Y conviene aclararlo: no se trata de quitar el agua a unas zonas para dársela a otras. Se trata de que todos tengamos disponibilidad y abundancia. No es aceptable que las inundaciones en el Cantábrico o en el Ebro no puedan ser gestionadas sin trasvasar agua cuando el sur o el oeste de España padecen sequías endémicas. Existen tecnologías y existe capacidad industrial en nuestras empresas. En Israel, en Arabia y en otros países con otros entornos más desfavorables se ha logrado realizar actuaciones de ingeniería civil que facilitan la agricultura y que aumentan la superficie de regadío. No es comprensible ni aceptable que en España apostemos por racionalizar el consumo mediante la limitación del uso del agua o la imposición de tasas bajo la excusa del impacto ambiental, que el trasvase de agua sea objeto de luchas cainitas regionales, que zonas del sudeste español, tan productivas en el sector agrícola, puedan ver su actividad económica y desarrollo comprometidos por planteamientos ambientales y por incapacidad política. Y para esto hacen falta infraestructuras de almacenamiento, de transporte, mucha tecnología, energía y, sobre todo, voluntad política.

Del mismo modo que la energía eléctrica producida en una central nuclear de Extremadura sirve para dar servicio a una ciudad a cientos de kilómetros, se ha de favorecer una visión de que el agua es un recurso compartido y que el Estado tiene que favorecer su disponibilidad universal con infraestructuras. Como bien dijo Gonzalo Fernández de Mora, uno de los mejores ministros de obras públicas de España, los planteamientos no pueden ir en la línea de repartir y universalizar la sequía (fórmula socialista) ni la de subir los precios al agua y que el mercado gestione la demanda (fórmula hipercapitalista). España necesita una dirección política opuesta a ambas opciones: que tenga como prioridad universalizar el acceso al agua y que maximice su uso como recurso económico.

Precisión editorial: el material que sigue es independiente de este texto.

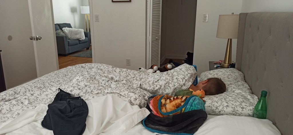 Mitten in der Nacht wacht Ben auf und klagt über Schmerzen und, dass ihm so kalt sei. 38 Grad. Geht noch. Doch am Morgen holten wir uns aus der Apotheke ein paar Meds, wer weiß wie sich das entwickelt. Es dauerte auch nur 3 Stunden und er glühte. Den Saft fand er furchtbar, würgte ihn jedoch herunter. Dieser Tag würde wie folgt aussehen: im Bett abhängen (gut, dass es gefühlt 3m breit war), Film schauen, Schlafen, Essen, Schlafen. Wir ziehen das gnadenlos bis 19 Uhr durch. Dann kamen Bubba und Deanna an. Ben hielt sich wacker, doch die 39° Marke behielten wir bei. Diese Nacht schlief er dann gute 12 Stunden.
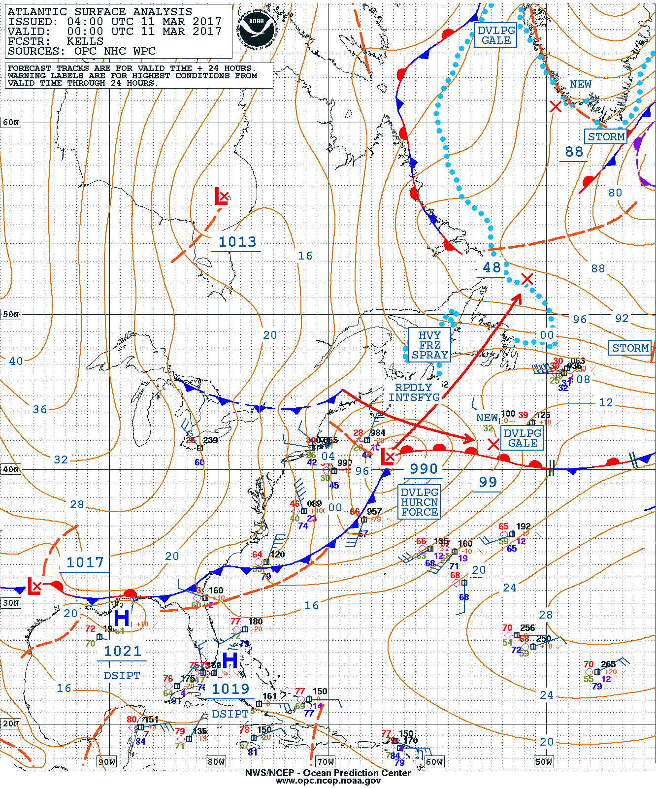The low pressure disturbance that moved off the Middle Atlantic Coast Friday is deepening rapidly and forecast within 24 hours to deepen to 948 mb hurricane force storm low producing winds of 50-70 knots within 240 NM south and east of the center.
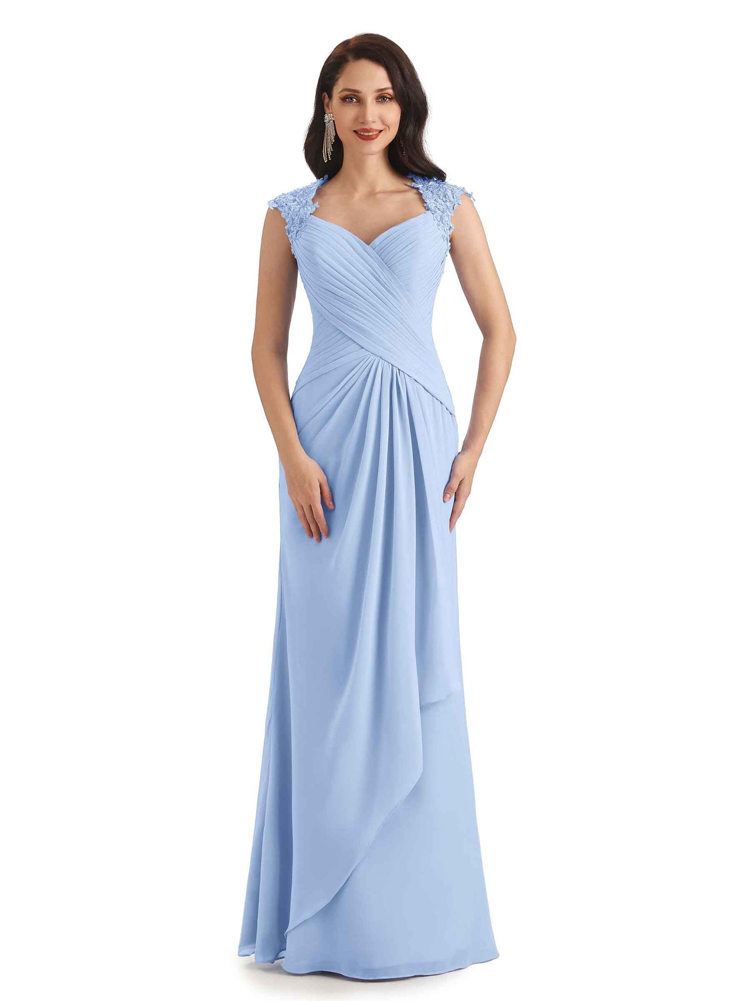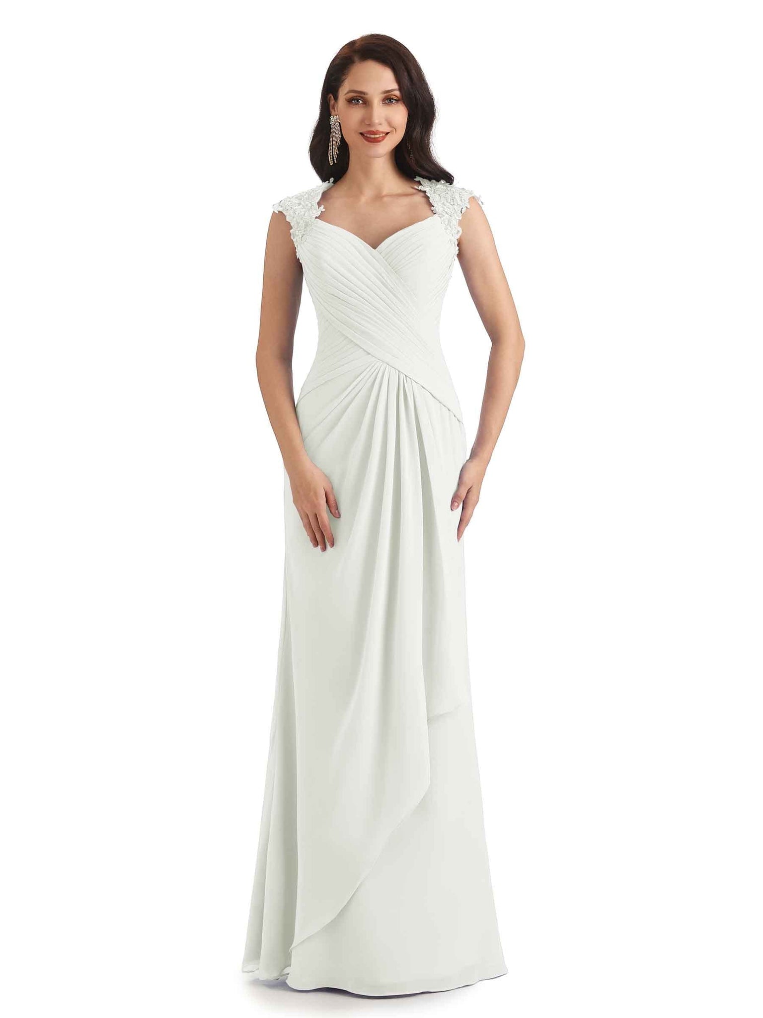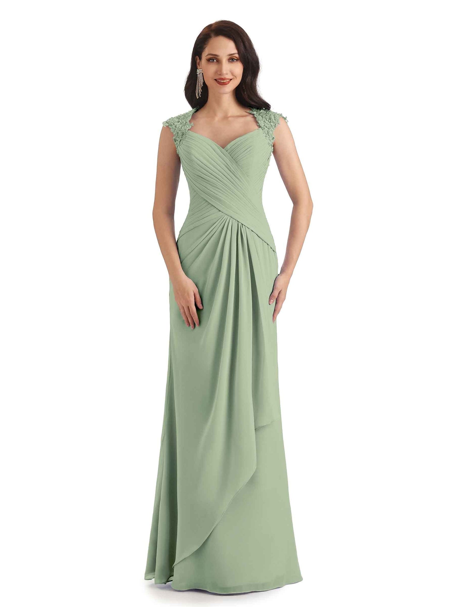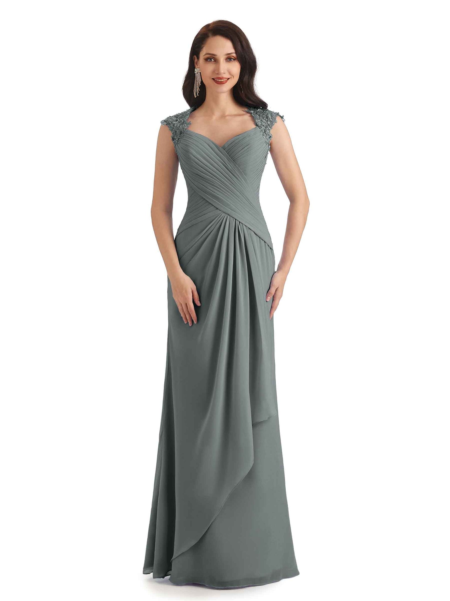 Elegant Chiffon Sheath Queen Ann Floor Length Long Mother of The Bride Outfits
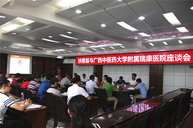 座谈会上,我院院长唐友明首先就空港院区运营情况以及新院区项目建设进展情况进行汇报。自2012年我院整体托管扶绥县中医院并挂牌成立广西中医药大学附属瑞康医院空港院区以来,我院投入了大量资金进行院区环境改造和设备改造,同时相继委派具有高级职称及丰富临床经验的技术人才到空港院区工作,切实有效地提高了医院整体技术力量,实现了扶绥人民在家门口就能享受到省级专家的诊疗服务。但现阶段医院也面临着基础设施老旧、结构不合理、没有进一步改造和利用的空间以及财政扶持力度欠缺等实际困难。空港院区新门诊住院医技综合大楼项目自2015年11月开工建设以来,目前一期工程主体已经封顶,内部装修工作预计在今年10月底完成,二期工程也已着手招标工作,但项目也面临土地预审及缺乏相关政策支持等困难。希望县委县政府持续创优环境、提供便利,和瑞康医院共同推进新院区项目建设工作,确保新院区项目早日建成、早日让百姓受益。

Es evidente que hace casi 20 años fue un error anular el Plan Hidrológico Nacional. Cuánta actividad agraria de valor añadido, cuántos puestos de trabajo nos ha costado, cuánta despoblación del medio rural se habría podido evitar. Unas décadas antes, con muchos menos recursos y muchas más dificultades, nuestro país fue capaz de hacer en 30 años más, en términos hidrológicos, que en los 2.000 años anteriores. España cuenta hoy con muchos más medios y capacidades técnicas y, sin embargo, de lo que adolece ahora nuestro país es de una visión y unos políticos capaces de responder a un reto histórico.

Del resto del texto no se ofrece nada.